As my three big boys get older, I find myself contemplating with more frequency how I will define success for them.  My definition seems to be morphing, as I continue to think about it…daily.

So what is it that matters most?  Is it the type of job my child obtains?  Is it the paycheck they bring home?  Is it the amount of money they save?  Is it the house they live in?  Is it their ability to be independent from Les and myself?  What is it that we’re striving for with them?

It always came back to one thing – their salvation.  In the grand scheme of things, nothing else matters.  Our job title, our bank statements, our savings accounts, our homes, whether they forever live in my basement or not…doesn’t matter.  Sure, on a practical level, those would all be great – but when we die, what is it about our life that really matters?

God bless the people who do so many of the jobs that most of us would rather not do in our communities – collect the trash from our homes, do regular maintenance on our sewage systems…for each of us, we could list out dozens of jobs we would happily let others do.  On top of it, we pray that our children can go to college so they don’t have to do those jobs.  None of us want to see our children struggle.  But the reality is, I think one of my sons will have a minimum wage, non-complicated job where he’s specifically trained to do one task as his “career” for the rest of his life.  I simply can’t change his IQ and I can’t undo neurological damage.  It’s because of (predominantly) this child that I think about how I will define success for my children.  Do I just admit to myself that he can never be successful because he will never be able to obtain our society’s current standard of success despite the fact that in the context of his own life story – he’s successfully achieved much more than I think he ever would have otherwise?  Or is success and each person’s ability to contribute to society need to be seen in a drastically different light?

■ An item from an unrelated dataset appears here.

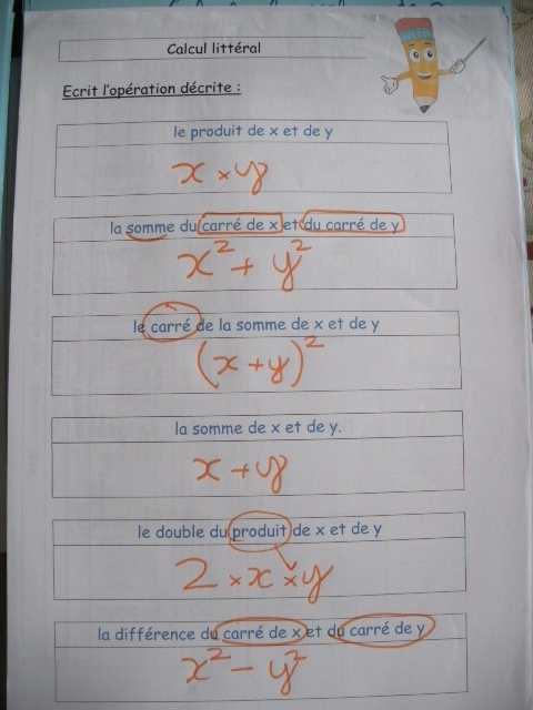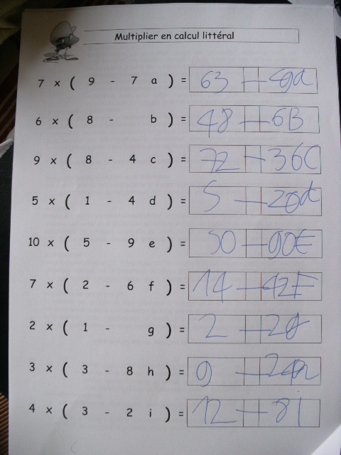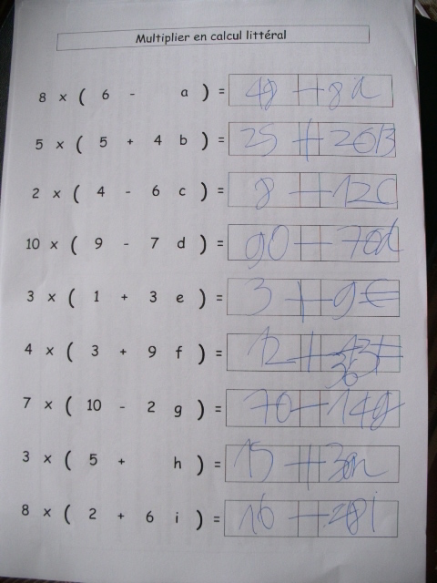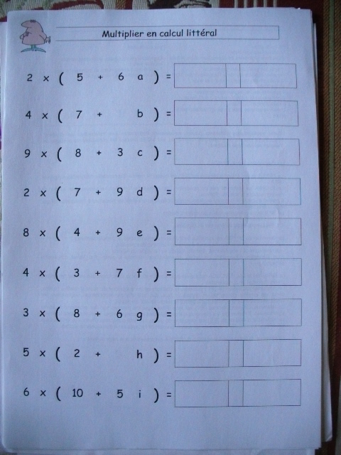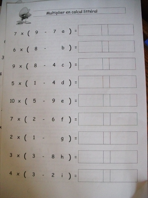 - 1ère étape: il faut réviser la multiplication des nombres en calcule littéral.

I’ve been wrestling with this for months.  I find myself comparing my children to other children.  Blaming myself for not being able to get my big boys on grade level and overcome all the things we’ve struggled to overcome for the past 11 years.  It’s a dangerous game – comparing.  One that should never be played, but unfortunately is.  I’ve consciously turned my eyes towards my own family and have put up blinders for everyone else’s families until I can have better control over not comparing my children with others.  The thing is, I firmly believe that everyone contributes to his/her community in some way.  So what are my big boys going to be able to contribute?  Time will tell.  But in the mean time, I’ve been thinking –  we all joke about the fact that every family has that one “crazy” person in their family.  (You can define that however you want, but the reality is that it’s a special needs person in their family with varying degrees of severity.)  But the question remains, how do they contribute to our families and the community as a whole?  What do they have to offer?

What if their contribution to our families and communities is greater than our own?  What if their contribution is helping us obtain salvation?  I learned a long time ago from Bishop Anthony Bloom that God does not grant patience and bestow it upon us as a gift, but rather provides opportunities for us to learn patience.  What if that one person in each of our families that drives us nuts or requires extensively more work for us has a much greater calling than any of us – to provide opportunities for us to grow in kindness, patience, and love?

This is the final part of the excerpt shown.